[[ Data provided open ]]

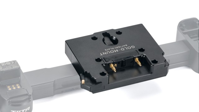 Esta placa para el soporte dorado de las baterías se conecta directamente al soporte de alimentación con doble asa para el RS2 y permite alimentar el gimbal mediante baterías doradas de mayor capacidad sin necesidad de cables externos.
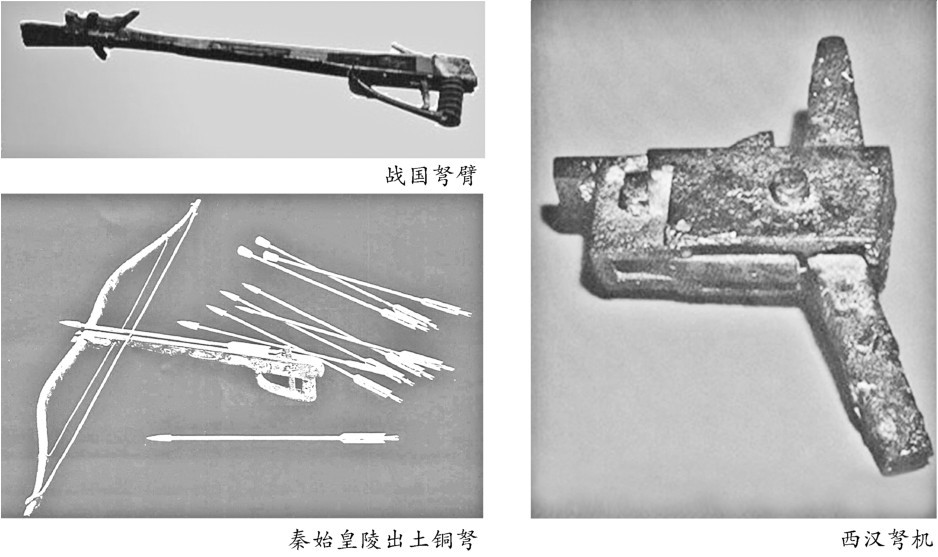 春秋时期国家比较多,大国崛起而兼并小国,到了战国时期,就剩下了所谓的战国七雄(图2.10)。这时期各国之间的无主荒地越来越少,各国相互接壤,战争目的从争霸逐渐变为兼并,战争形式也产生了相应的变化。首先,军队数量扩张,原来的贵族兵变成了大量平民兵。其次,军事行动范围不断扩大,并不是仅仅是约好了地方和时间进行战车的冲击而已,军队主要是由步兵和骑兵构成。原因在于:第一,战车比较昂贵,难以扩大军队规模,所以更多地通过增加步兵以扩军。第二,从战争方式来看,《孙膑兵法》曰“易则利车,险则利徒”,如果在比较开阔的平原地带打仗,车战比较方便,但是如果在险要的地方布阵、据守、伏击,就需要步兵进行野战和包围战。步骑兵替代了车阵,车的地位也逐渐下降,后来主要用于辎重运输。第三,新武器的发明,特别是弩的发明也对战车的衰落有重要的作用。图2.11中的三张图分别是战国弩臂、秦始皇陵出土铜弩和西汉的弩机。弩相对于弓来说,力量更大、射程更远、穿透力更强。更重要的,是弩可以延时发射,便于以更密集的射击对付战车。弩的发明和使用,加速了战车的衰落。
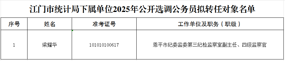 根据《江门市统计局及下属单位2025年公开选调公务员公告》有关要求,经过笔试、资格复审、面试、体检和考察等程序,确定梁耀华同志为江门市统计局下属单位2025年公开选调公务员拟转任对象(名单详见附件),现予以公示。公示期间如对人选有异议,请向江门市统计局反映。
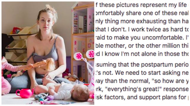 In a post that’s since gone viral, she writes, “Chances are, you’re feeling pretty uncomfortable right now (trust me I am too). I’m going to challenge you to push past the discomfort society has placed on postpartum mental illness and hear me out.”
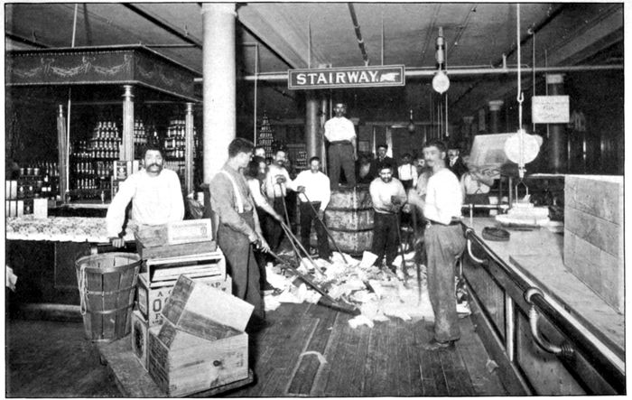 There were two basement rooms opening into each other, and there must be a third that opened onto the street in front of the house. The first room was a much-cluttered kitchen with broken boxes of several sorts of macaroni exposed to view, a well-heated range, a cook in white clothes, innumerable bottles of wine on the shelves and dirty dishes on one side while the clean ones were in orderly piles on the other.
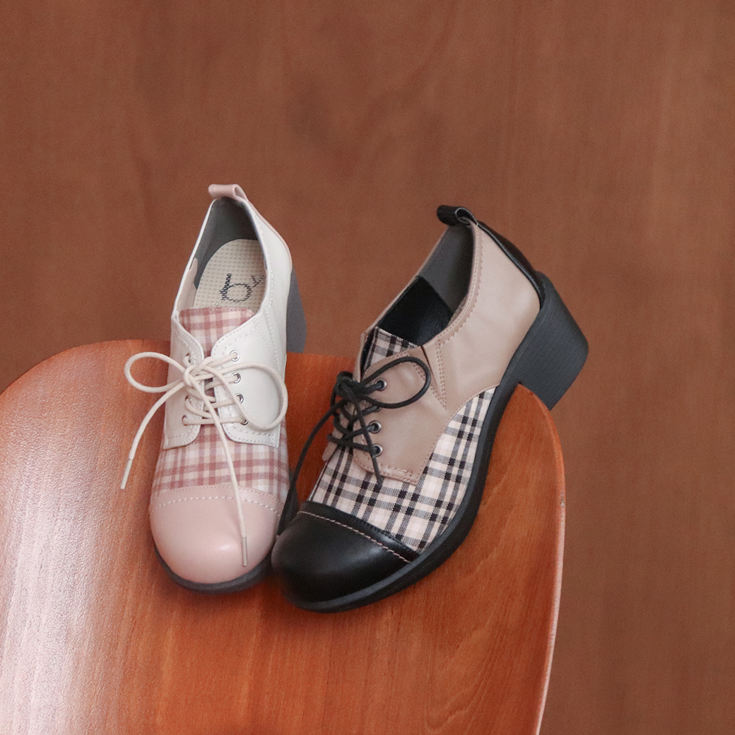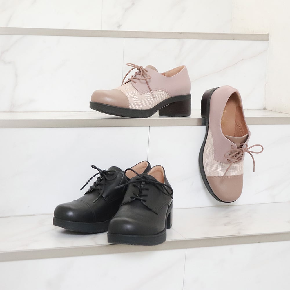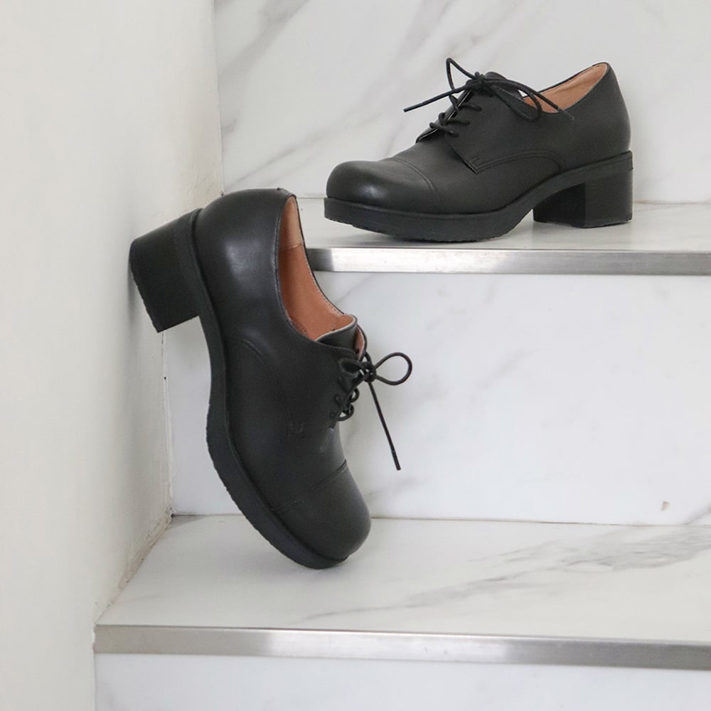 byあしながおじさんが得意とする、おでこのような丸みあるフォルムに安定感のある太ヒールのついたレースアップシューズをご紹介。ブラックを選べばオフィスコーデにも合わせることができ、オンオフ問わず使える気軽さが人気の理由です。

[[ Data provided closed ]]

> Exercise details: What is needed is an exact copy of only the lines above from the one with "根据《江门市统计局及下属单位" to the one with "In a post that’s", both kept, with every picture left out.

> Task response:
 根据《江门市统计局及下属单位2025年公开选调公务员公告》有关要求,经过笔试、资格复审、面试、体检和考察等程序,确定梁耀华同志为江门市统计局下属单位2025年公开选调公务员拟转任对象(名单详见附件),现予以公示。公示期间如对人选有异议,请向江门市统计局反映。
 In a post that’s since gone viral, she writes, “Chances are, you’re feeling pretty uncomfortable right now (trust me I am too). I’m going to challenge you to push past the discomfort society has placed on postpartum mental illness and hear me out.”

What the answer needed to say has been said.